Таким образом, ведущий произнесет следующее: «Как заметил древний философ…» — ну и далее — сентенцию. Остается надеяться, что принуждать редакцию конкретизировать авторство этого перла радиослушатели просто поленятся. Ну-с, и последнее: «До свидания, друзья! До новых встреч!»
Вроде бы все, свобода.
Домашние мои, судя по голосам из кухни, сопению чайника и хлопанию дверцы холодильника, приступили к завтраку. Я достаю скрепку, защипываю рукопись и, удовлетворенно потягиваясь, встаю из-за стола, думая, как удивительны превращения написанного мною в радиоволны, затем в почтовый перевод и, наконец, в деньги — законодателя метаморфоз.
На радио получаю пропуск в окошечке и поднимаюсь к Саше Вячкилеву. Мы сразу идем в буфет, берем по чашечке кофе, обсуждаем, что придется, выкуриваем по паре сигарет на черной лестнице, где заодно происходит и читка моей свежеиспеченной передачки. Вымарывается две фразы, где фигурируют термины «хрустальная люстра» и «колбаса». Термины, посвящает меня Саша в служебный секрет, находятся в списке запрещенных радиотелевизионной цензурой тем.
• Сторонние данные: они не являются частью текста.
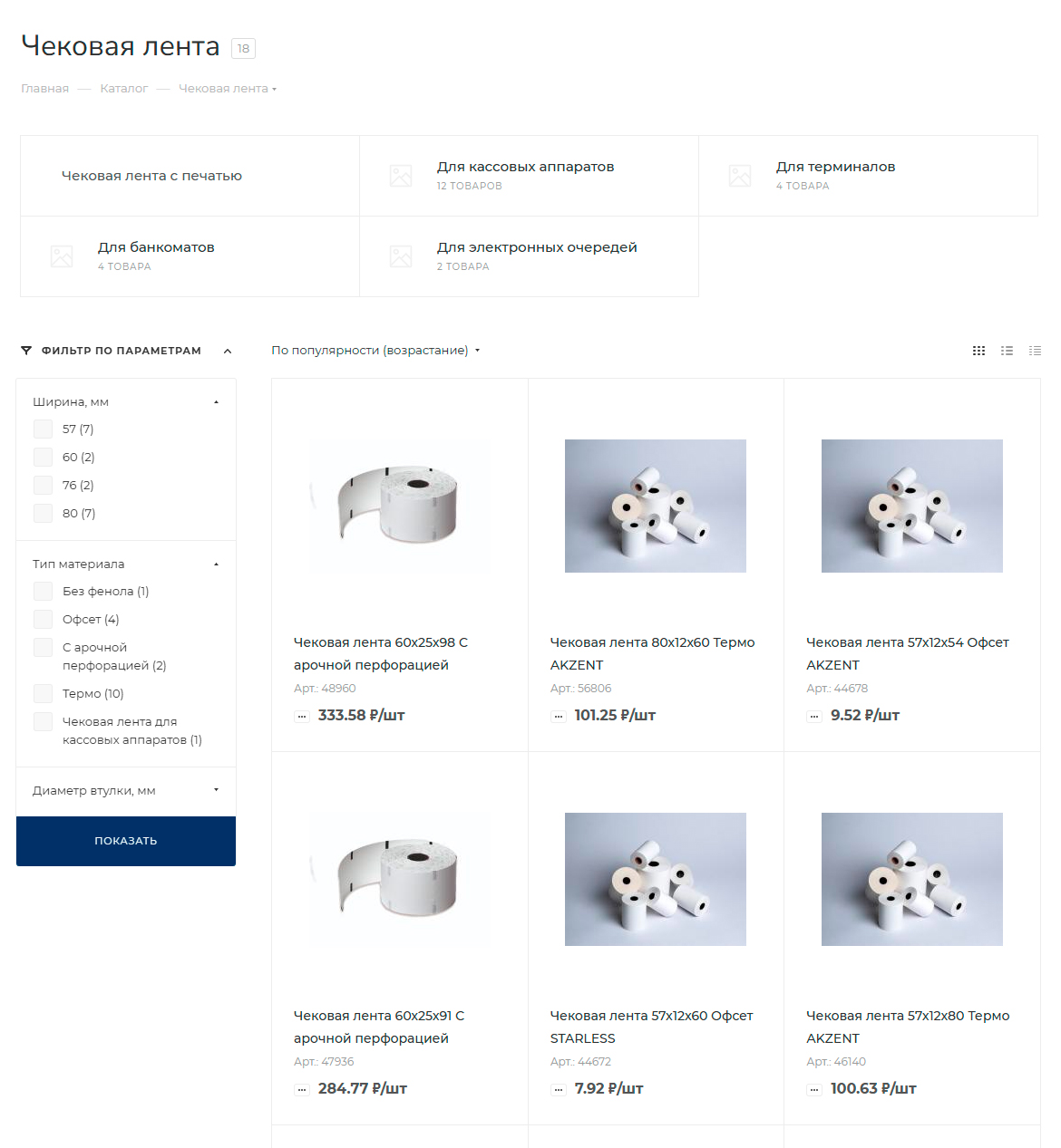 - Есть структурированный вывод категорий товаров

Хрусталь — это, дескать, пропаганда роскоши и мещанства, неприемлемых для строителей коммунизма, а колбасы в стране не хватает, и потому возможны негативные подсознательные реакции у множества слушателей, кому колбасу заменяет картошка. Несложно следовать рекомендациям цензуры, когда буквально за гроши в служебной столовой тебя кормят так, как на месячную зарплату идеологического работника Вячкилева не пообедаешь и в престижных ресторанах. Лично я, дабы перекусить в здешнем ведомственном общепите, порой пилю через весь город, пару раз в неделю устраивая себе пиры горой.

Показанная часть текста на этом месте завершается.